Act I was the Eurodollar—off-shore bank deposits that sprang up in 1950s London so the Soviet bloc, European exporters, and eventually every multinational could hold dollars outside U.S. regulation, spawning a multi-trillion-dollar shadow banking base.

Act II was the Petrodollar. After 1974, OPEC’s decision to price crude in dollars hard-wired global energy demand to U.S. currency and gave Washington an automatic bid for its Treasury bills.

John deVadoss will appear in the “IEEE x Consensus Research Symposium: What’s next in Agentic AI?” at Consensus 2025 on May 16 at 11:00am-12:30pm.

Act III is unfolding now. USD-backed Stabledollars (a.k.a. stablecoins)—on-chain tokens fully collateralized by T-bills and cash—have leapt past $230 billion in circulating supply and, on many days, settle more value than PayPal and Western Union combined. The dollar has reinvented itself again—this time as a monetary API: a permissionless, programmable unit that clears in seconds for a fraction of a cent.

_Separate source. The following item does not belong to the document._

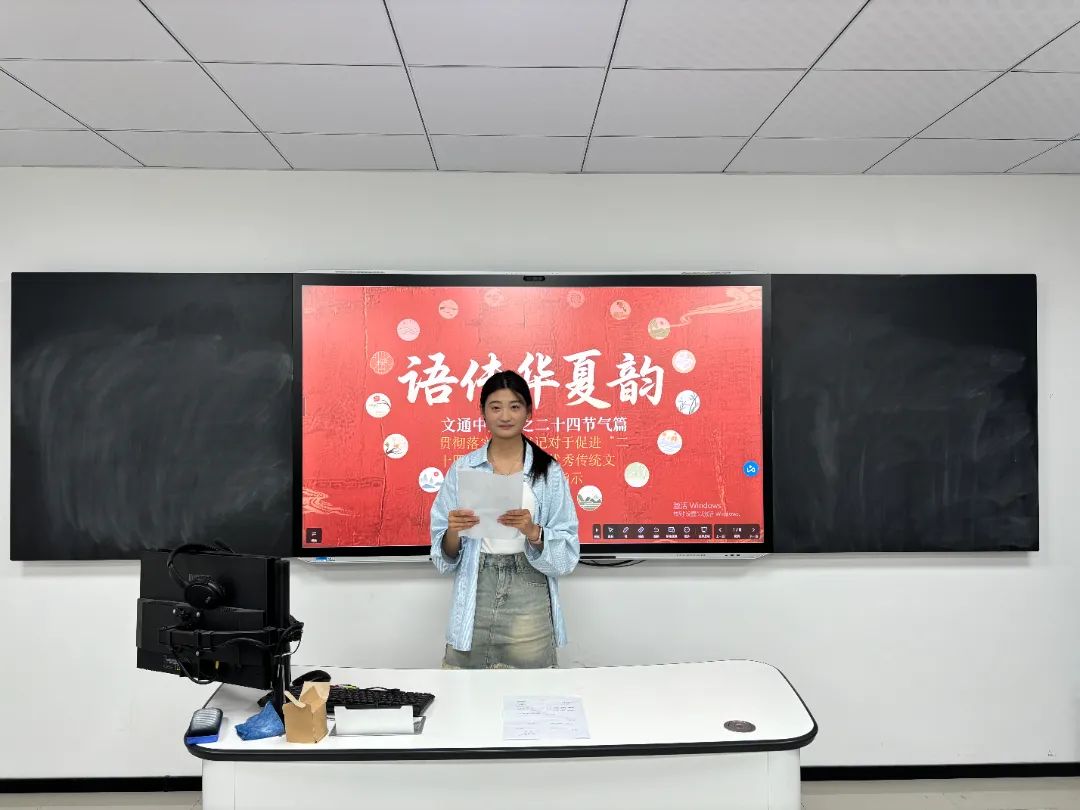 多语诵读活动中,参赛者围绕二十四节气主题展开多元创新。英语组以《节气之美》经典文本为载体,通过精准的语音把控展现时序流转之美;日语组则演绎小林一茶等诗人的节气俳句,以细腻的声线传递东方物候意境。创新环节中,选手通过多媒体手段配合播放节气主题纪录片及习近平总书记关于传统文化论述影像,实现语言表达与文化内涵的有机融合,多维度呈现节气文化的科学体系与人文价值。

Follow the incentives and the shape of the future appears. A Lagos merchant can accept USDC on her phone, skip 20% naira slippage, and restock inventory the same afternoon. A Singapore hedge fund parks cash in tokenized T-bill vaults yielding 4.9%, then routes those dollars into a swap at 8 a.m. New-York time without a correspondent bank. A Colombian gig worker converts weekend wages to digital dollars, bypasses capital controls, and withdraws pesos at a neighborhood ATM—no Friday-to-Monday lag, no 7% remit fee.

Stablecoins haven’t replaced the banking system; they have tunneled around its slowest, most expensive choke points.

Scale begets legitimacy. The GENIUS Act moving through the U.S. Senate would charter stable-coin issuers nationally and, for the first time, open a path to Fed master accounts. Treasury staff already model a $2 trillion stable-coin float by 2028—enough to rival the entire Eurodollar stock of the early 1990s.

That projection is plausible: Tether and Circle command over 90% share with reserves lodged almost entirely in short-dated U.S. debt, meaning foreigners are effectively holding digitized T-bills that settle in 30 seconds. The dollar’s network-effect is migrating from SWIFT messages to smart-contract calls, extending hegemony without printing a single new note.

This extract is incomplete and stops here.